文化庁データベースの重要文化財指定年月日の欄は空で、重要文化財を経ずに国宝へ指定されている。これまで扱った中で24件目にあたる。

解説文は「平安時代の作品。」の一文のみである。一文だけの解説は22件目になる。所在地の欄も空で、これで7件目になる。

年代の欄は空だが、ト書の欄に年が書かれている

いつのものかは、思わぬ場所に記されている。

年代の欄、西暦の欄、作者の欄、寸法・重量の欄、品質・形状の欄は、いずれも空である。

ところがト書の欄に、巻第十四、大治二年七月十二日移点朱奥書、とある。

大治二年は1127年である。移点は訓点を書き写すことをいい、朱の色で奥書が入っていることになる。

年代の欄が空でありながら、別の欄に日付が残っている。しかも三巻のうち巻第十四についてのみである。

金剛場陀羅尼経では奥書の干支から686年が定まり、明王院五重塔では伏鉢の刻銘から日付まで分かった。それらは年代の根拠として本文に書かれていた。

本件は、年代の欄ではなくト書の欄に手がかりがある。欄の使われ方が揃っていない例になる。

三巻のうち、一巻だけが残巻である

名称の作りに、状態の違いが含まれる。

延喜式〈巻第十二残巻、第十四/第十六〉である。

巻第十二には残巻と付き、第十四と第十六には付かない。三巻のうち一巻だけが欠けた状態にある。

区切り方も揃っていない。巻第十二残巻と第十四のあいだは読点、第十四と第十六のあいだは斜線である。

関連作品にも同じ形式が並ぶ。文選集注〈巻第六十三、第八十八残巻/第九十三〉、大般涅槃経集解〈巻第十四、第卅二残巻/〉、医心方〈第一、第五、第七/第九、第十残巻〉といった名がある。

白描絵料紙理趣経では、欠けていることが目無経という名になった。本件は、欠けている巻がどれかを名称のなかで示している。

同じ書物の別の写本が、別に指定されている

延喜式という書物の写本は、これだけではない。

関連作品に、延喜式(九條家本)がある。同じ書物の別の伝本である。

太山寺本堂では、同名の国宝が兵庫県と愛媛県に二つあった。催馬楽譜では、同名の物件が国宝と重要文化財に分かれていた。

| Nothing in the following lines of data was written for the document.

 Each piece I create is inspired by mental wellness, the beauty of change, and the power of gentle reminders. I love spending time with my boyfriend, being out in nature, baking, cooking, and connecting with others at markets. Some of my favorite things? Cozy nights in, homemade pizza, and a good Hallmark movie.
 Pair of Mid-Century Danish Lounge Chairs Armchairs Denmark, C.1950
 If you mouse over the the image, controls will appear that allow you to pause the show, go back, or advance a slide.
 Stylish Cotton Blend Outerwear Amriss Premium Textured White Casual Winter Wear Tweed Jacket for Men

それらは物件の名が同じ場合である。本件は、もとの書物が同じで、写された本が違う。

名称も分かれている。本件は巻の番号で範囲を示し、九條家本は伝わった家の名で区別する。

関連作品には巻二、巻六、巻七(甲)、巻七(乙)など、巻ごとに記録されたものも並ぶ。同じ書物が、まとめられ方を変えて複数記録されていることになる。

鑑賞

所有は天野山金剛寺である。文化庁データベースの所在地の欄は空だが、金剛寺は大阪府河内長野市にある。

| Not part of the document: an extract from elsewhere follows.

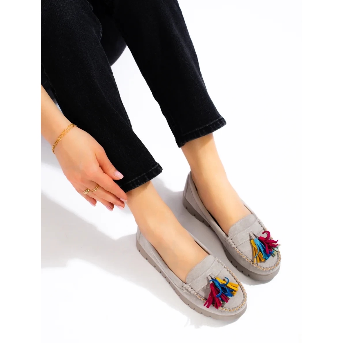Le produit ci-dessous est des mocassins pour femmes de W. Potocki. Ils sont conçus dans un style bohème, avec des franges qui ajoutent du caractère. Ces chaussures sont grises et fabriquées en simili daim de bonne qualité. L'intérieur est doublé de cuir 100 % naturel, ce qui assure un confort de port maximal. Un avantage supplémentaire est la semelle de 3 centimètres en plastique - elle assure la stabilité et la stabilité de la marche. Le style des mocassins peut être décrit comme décontracté et classique. Ils sont parfaits aussi bien pour un usage quotidien que pour les célébrations. Les mocassins sont faciles à enfiler grâce à leur design slip-on. Le produit est neuf, livré dans l'emballage d'origine du fabricant. Ce sont des chaussures parfaites pour la saison printemps/été. Les mocassins n'ont pas de motif dominant. L'offre indique qu'ils font partie de la collection KeeShoes. Le produit est identifié par le code produit BM168202.
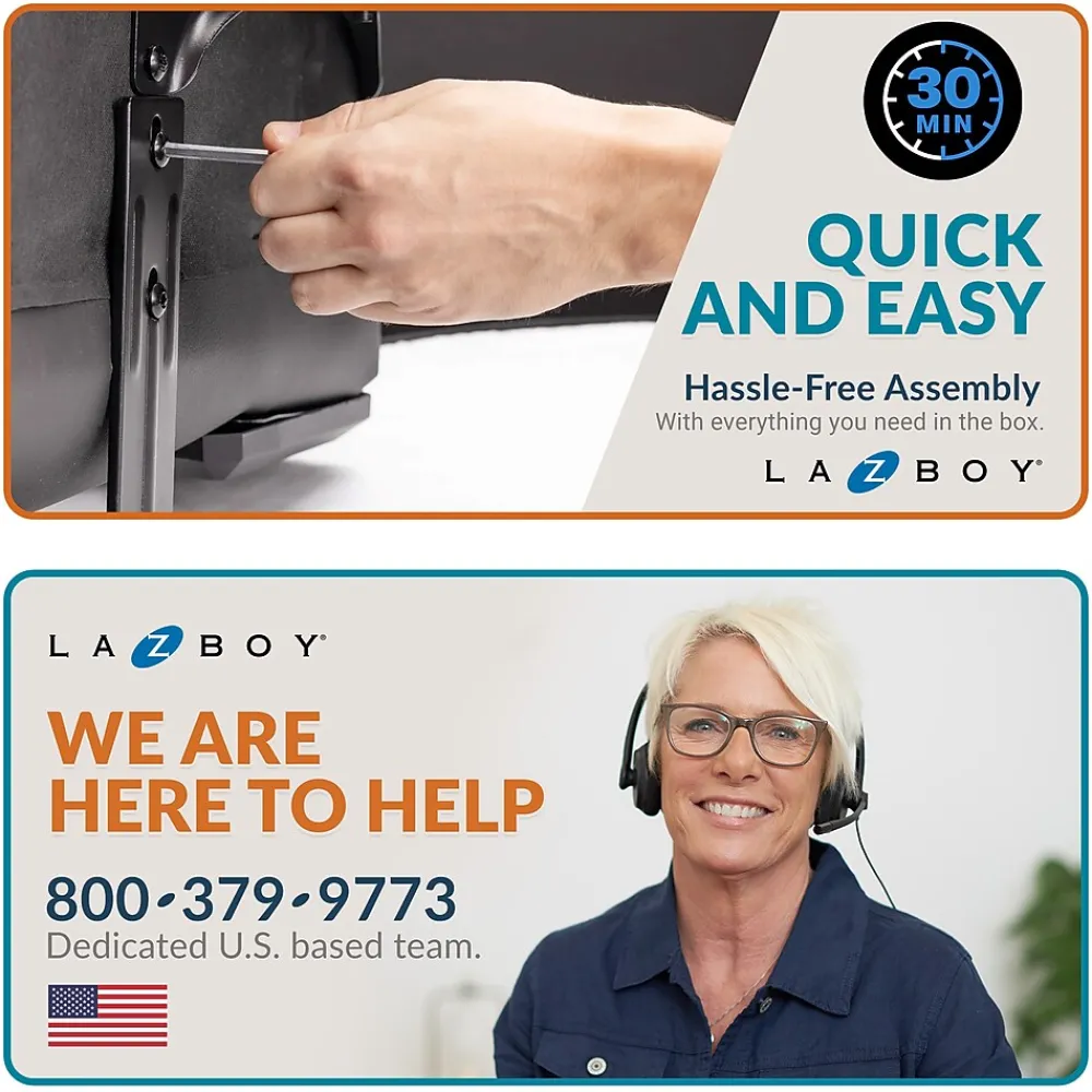This La-Z-Boy Aberdeen computer and desk chair comes standard with the ComfortCore zoned technology for optimal lasting comfort. An advanced layering system is designed to offer deliberate, unique, and zone-based support. The chair has an extra-padded back design that will fit into any office area.

寺が保管する典籍であり、常設で公開される性格のものではない。紙に書かれたものは光に弱く、公開期間が限られる。

指定番号は00147である。犀角柄刀子や籬菊螺鈿蒔絵硯箱と同じ工芸品ではなく、書跡・典籍の分野に属する。

関連作品には御堂関白記、文選集注、大般涅槃経集解、歌合、金剛般若経開題残巻といった名が並ぶ。いずれも平安時代の書跡・典籍である。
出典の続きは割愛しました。